- Opening Delimiter -

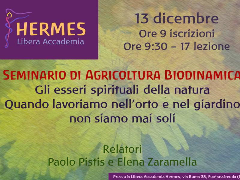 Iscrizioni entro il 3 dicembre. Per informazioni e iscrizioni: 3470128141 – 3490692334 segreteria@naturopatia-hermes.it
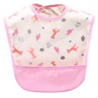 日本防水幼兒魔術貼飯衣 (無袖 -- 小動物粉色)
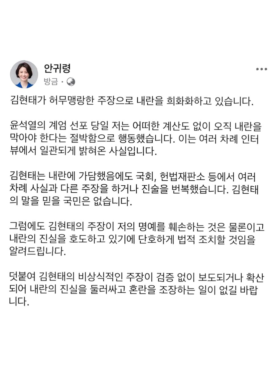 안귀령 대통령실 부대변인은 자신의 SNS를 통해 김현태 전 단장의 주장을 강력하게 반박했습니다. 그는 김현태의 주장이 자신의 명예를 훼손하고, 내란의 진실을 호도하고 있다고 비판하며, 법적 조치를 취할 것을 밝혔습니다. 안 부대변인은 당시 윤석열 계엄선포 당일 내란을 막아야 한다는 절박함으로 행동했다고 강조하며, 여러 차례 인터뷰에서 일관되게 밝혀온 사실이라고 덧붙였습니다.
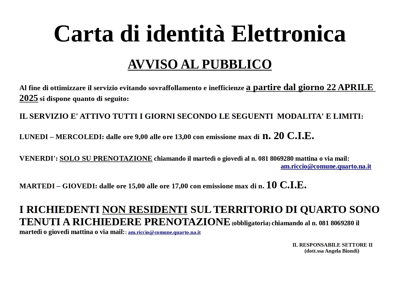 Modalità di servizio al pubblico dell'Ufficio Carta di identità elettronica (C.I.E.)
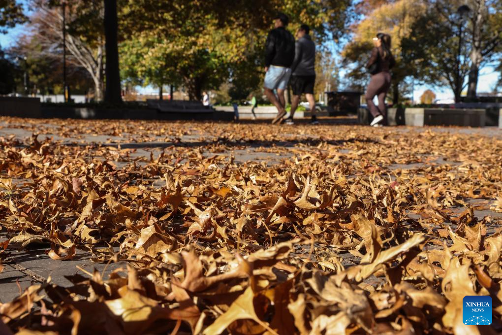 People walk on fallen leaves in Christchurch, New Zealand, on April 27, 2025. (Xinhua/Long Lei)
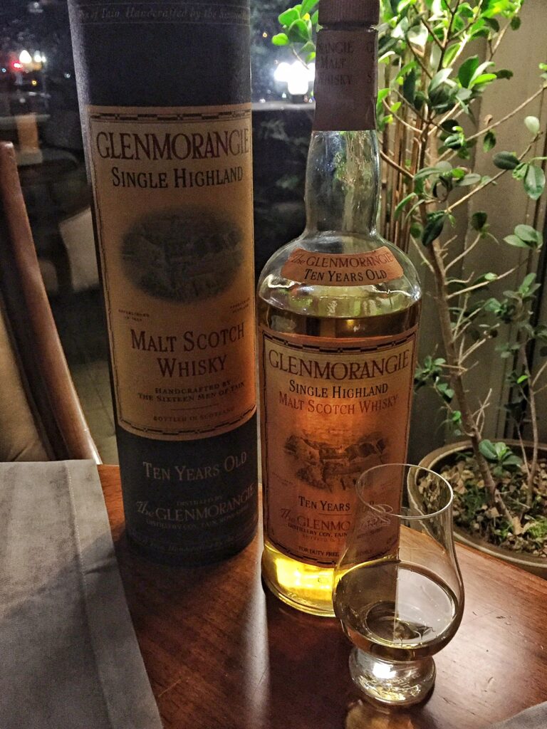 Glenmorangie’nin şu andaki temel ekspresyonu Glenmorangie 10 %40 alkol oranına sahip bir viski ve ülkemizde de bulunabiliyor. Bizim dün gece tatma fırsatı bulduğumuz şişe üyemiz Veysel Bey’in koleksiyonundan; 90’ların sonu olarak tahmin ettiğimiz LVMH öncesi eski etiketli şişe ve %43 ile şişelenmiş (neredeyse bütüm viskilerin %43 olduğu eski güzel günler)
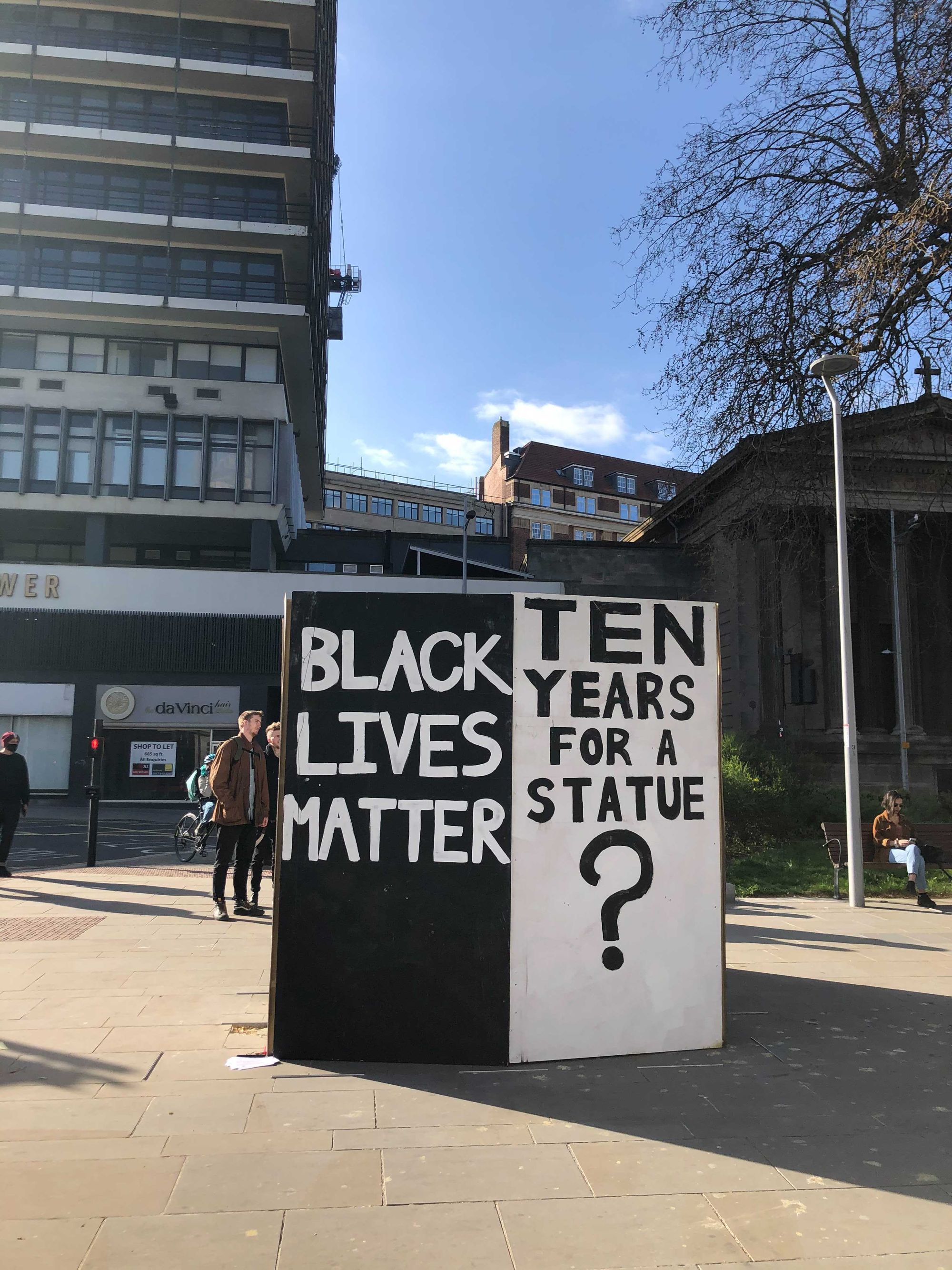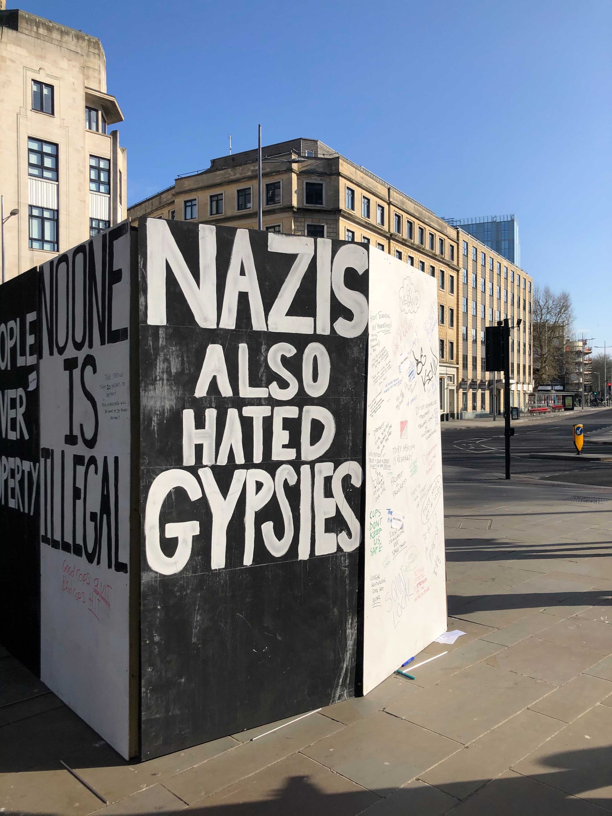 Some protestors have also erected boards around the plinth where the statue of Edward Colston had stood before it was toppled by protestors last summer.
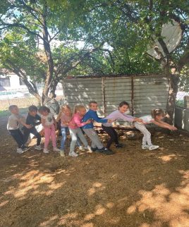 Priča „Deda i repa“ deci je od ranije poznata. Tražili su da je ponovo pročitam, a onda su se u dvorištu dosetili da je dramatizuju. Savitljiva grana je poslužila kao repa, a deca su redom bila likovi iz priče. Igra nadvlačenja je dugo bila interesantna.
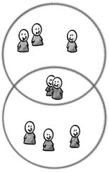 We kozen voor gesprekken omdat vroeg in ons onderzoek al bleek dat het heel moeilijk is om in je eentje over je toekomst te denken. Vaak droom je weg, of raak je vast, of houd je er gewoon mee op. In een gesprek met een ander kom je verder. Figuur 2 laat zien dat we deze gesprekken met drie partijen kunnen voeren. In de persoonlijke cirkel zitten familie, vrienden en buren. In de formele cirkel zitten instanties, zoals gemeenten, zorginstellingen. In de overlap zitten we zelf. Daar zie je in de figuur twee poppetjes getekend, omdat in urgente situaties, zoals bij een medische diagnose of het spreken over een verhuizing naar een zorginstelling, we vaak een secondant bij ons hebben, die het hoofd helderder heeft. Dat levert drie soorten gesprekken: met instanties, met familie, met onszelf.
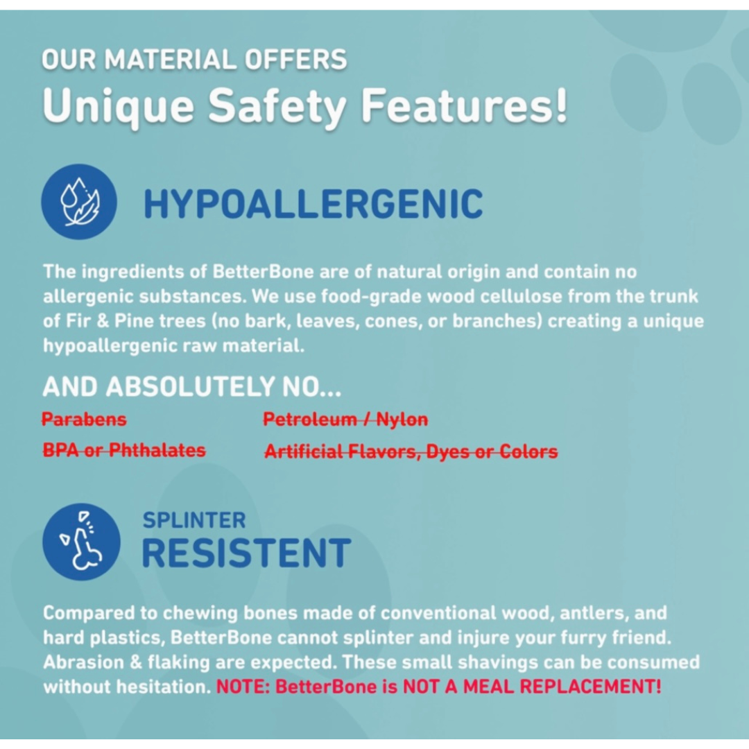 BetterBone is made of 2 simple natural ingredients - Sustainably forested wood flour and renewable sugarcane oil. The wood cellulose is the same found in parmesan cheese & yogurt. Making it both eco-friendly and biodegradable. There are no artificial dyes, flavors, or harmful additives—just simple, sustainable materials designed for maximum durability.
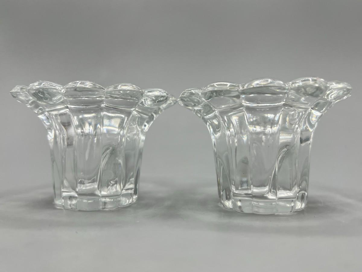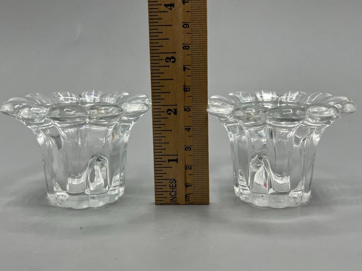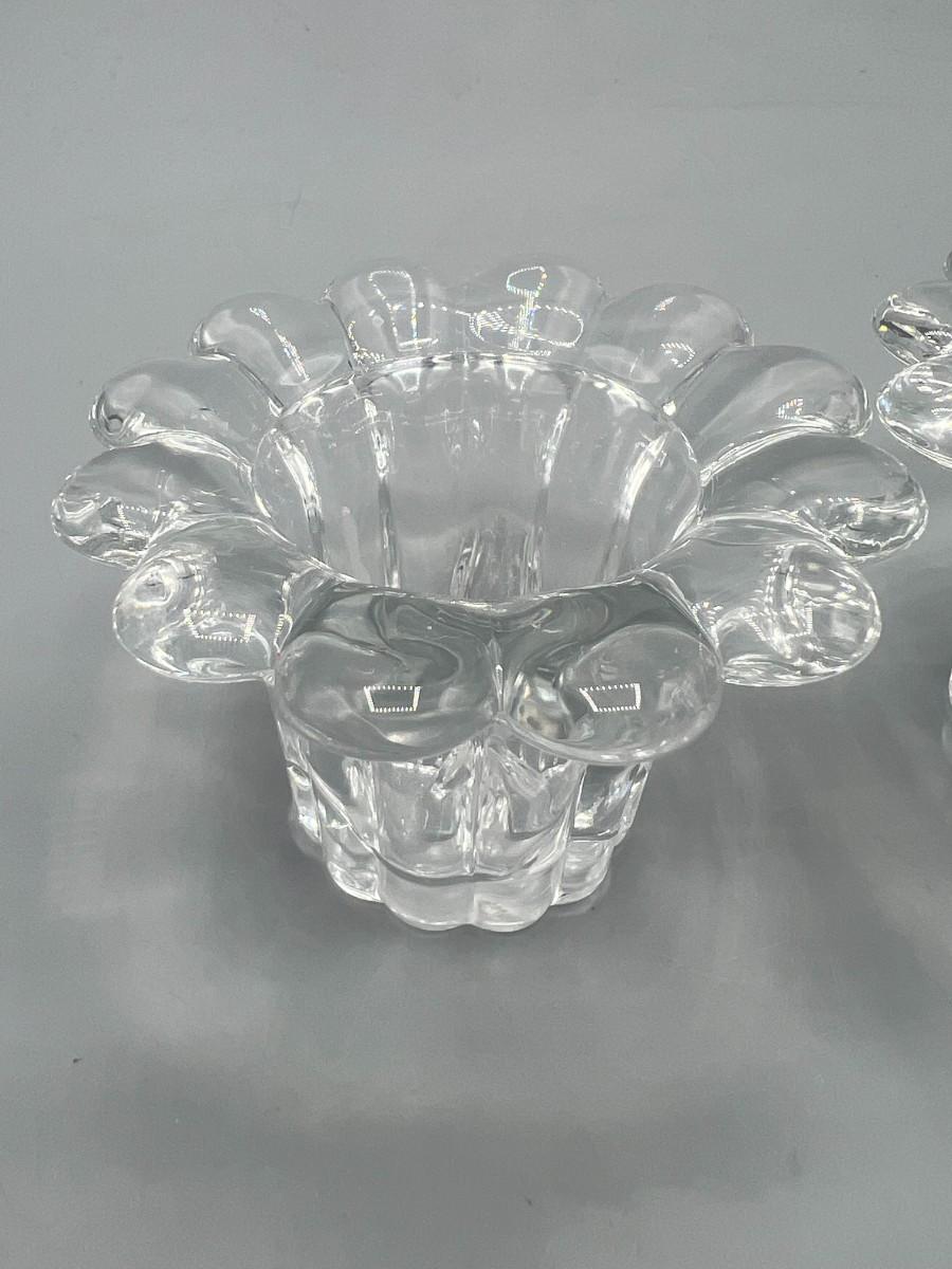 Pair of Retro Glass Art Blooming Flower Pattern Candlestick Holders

- Closing Delimiter -

◆ **Your goal**:
Your reply must contain each entry exactly as written and no pictures.

◆ **Your solution**:
 Iscrizioni entro il 3 dicembre. Per informazioni e iscrizioni: 3470128141 – 3490692334 segreteria@naturopatia-hermes.it
 日本防水幼兒魔術貼飯衣 (無袖 -- 小動物粉色)
 안귀령 대통령실 부대변인은 자신의 SNS를 통해 김현태 전 단장의 주장을 강력하게 반박했습니다. 그는 김현태의 주장이 자신의 명예를 훼손하고, 내란의 진실을 호도하고 있다고 비판하며, 법적 조치를 취할 것을 밝혔습니다. 안 부대변인은 당시 윤석열 계엄선포 당일 내란을 막아야 한다는 절박함으로 행동했다고 강조하며, 여러 차례 인터뷰에서 일관되게 밝혀온 사실이라고 덧붙였습니다.
 Modalità di servizio al pubblico dell'Ufficio Carta di identità elettronica (C.I.E.)
 People walk on fallen leaves in Christchurch, New Zealand, on April 27, 2025. (Xinhua/Long Lei)
 Glenmorangie’nin şu andaki temel ekspresyonu Glenmorangie 10 %40 alkol oranına sahip bir viski ve ülkemizde de bulunabiliyor. Bizim dün gece tatma fırsatı bulduğumuz şişe üyemiz Veysel Bey’in koleksiyonundan; 90’ların sonu olarak tahmin ettiğimiz LVMH öncesi eski etiketli şişe ve %43 ile şişelenmiş (neredeyse bütüm viskilerin %43 olduğu eski güzel günler)
 Some protestors have also erected boards around the plinth where the statue of Edward Colston had stood before it was toppled by protestors last summer.
 Priča „Deda i repa“ deci je od ranije poznata. Tražili su da je ponovo pročitam, a onda su se u dvorištu dosetili da je dramatizuju. Savitljiva grana je poslužila kao repa, a deca su redom bila likovi iz priče. Igra nadvlačenja je dugo bila interesantna.
 We kozen voor gesprekken omdat vroeg in ons onderzoek al bleek dat het heel moeilijk is om in je eentje over je toekomst te denken. Vaak droom je weg, of raak je vast, of houd je er gewoon mee op. In een gesprek met een ander kom je verder. Figuur 2 laat zien dat we deze gesprekken met drie partijen kunnen voeren. In de persoonlijke cirkel zitten familie, vrienden en buren. In de formele cirkel zitten instanties, zoals gemeenten, zorginstellingen. In de overlap zitten we zelf. Daar zie je in de figuur twee poppetjes getekend, omdat in urgente situaties, zoals bij een medische diagnose of het spreken over een verhuizing naar een zorginstelling, we vaak een secondant bij ons hebben, die het hoofd helderder heeft. Dat levert drie soorten gesprekken: met instanties, met familie, met onszelf.
 BetterBone is made of 2 simple natural ingredients - Sustainably forested wood flour and renewable sugarcane oil. The wood cellulose is the same found in parmesan cheese & yogurt. Making it both eco-friendly and biodegradable. There are no artificial dyes, flavors, or harmful additives—just simple, sustainable materials designed for maximum durability.
 Pair of Retro Glass Art Blooming Flower Pattern Candlestick Holders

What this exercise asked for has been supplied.